Wednesday, January 24, 2007

"just remember you called it all bullshit"

the opportunity to pay back a man with the same pain some other man has doled out to me is tempting. tempting in a slightly fantastical, probably won't really happen way, but still, an element of the appealling is there. seen from this vantage, his face appearing before mine at the most inopportune times, his subtle hints awkwardly inserted obtusely into the conversation, his specific references to our innocuous history and: I see how I must have looked to the man of the year.

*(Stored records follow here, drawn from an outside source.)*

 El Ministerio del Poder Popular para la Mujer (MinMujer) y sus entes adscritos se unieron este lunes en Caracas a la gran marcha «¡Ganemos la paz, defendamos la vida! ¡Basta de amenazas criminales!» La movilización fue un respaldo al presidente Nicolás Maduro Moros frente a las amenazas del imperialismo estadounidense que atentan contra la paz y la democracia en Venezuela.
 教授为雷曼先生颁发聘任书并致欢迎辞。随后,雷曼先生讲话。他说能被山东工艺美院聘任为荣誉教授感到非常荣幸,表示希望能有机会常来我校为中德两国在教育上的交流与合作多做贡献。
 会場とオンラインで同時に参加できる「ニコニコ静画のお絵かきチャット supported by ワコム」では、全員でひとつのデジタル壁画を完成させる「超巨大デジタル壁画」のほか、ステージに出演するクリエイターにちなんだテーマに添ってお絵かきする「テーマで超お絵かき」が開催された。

of course, I will never know for sure, because he remains an enigma, swallowed by his own sense of standards which are are once damning and revealing. his loathing of drama surely is a cover for something else, especially since he has generated mostly all of what drama existed between us.

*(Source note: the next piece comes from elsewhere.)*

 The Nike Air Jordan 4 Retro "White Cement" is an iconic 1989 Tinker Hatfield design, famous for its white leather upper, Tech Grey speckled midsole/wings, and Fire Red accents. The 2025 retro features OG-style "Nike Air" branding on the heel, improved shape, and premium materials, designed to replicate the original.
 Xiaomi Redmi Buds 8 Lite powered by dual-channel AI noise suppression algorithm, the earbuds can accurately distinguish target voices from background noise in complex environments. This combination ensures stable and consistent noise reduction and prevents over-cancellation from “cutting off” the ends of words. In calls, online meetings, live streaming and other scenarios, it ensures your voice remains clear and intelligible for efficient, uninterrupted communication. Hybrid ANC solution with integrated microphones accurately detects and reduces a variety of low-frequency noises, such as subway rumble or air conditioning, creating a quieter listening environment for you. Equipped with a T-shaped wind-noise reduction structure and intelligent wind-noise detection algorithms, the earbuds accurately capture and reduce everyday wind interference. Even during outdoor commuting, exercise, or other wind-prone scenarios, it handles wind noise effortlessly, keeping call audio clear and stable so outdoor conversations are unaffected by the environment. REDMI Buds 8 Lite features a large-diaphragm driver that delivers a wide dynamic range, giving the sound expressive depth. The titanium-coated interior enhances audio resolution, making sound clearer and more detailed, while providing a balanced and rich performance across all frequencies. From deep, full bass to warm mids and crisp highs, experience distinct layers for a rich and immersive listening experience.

so I have willed him out of my mind, cast off into the pile of things I will never understand, but time passing is really the only solution to him, and really most things.

as for this other man: the snow swirled around us lazily, and we talked of things benign and ridiculous and I wondered why I had invited him along on my usually quiet walk, and his words tumbled out in a nervous pile of nonsense. it is refreshing to be liked. but that is a dangerous road to travel, one that I have stumbled down before and taken the turn of my life that has led me here, to this desolation. so I know the promise I need to heed is waiting to be spoken, but I wonder if I truly have no feelings for him, since of course, in his absence (some five weeks or more) I wondered where he was and if I had laughed him away for good.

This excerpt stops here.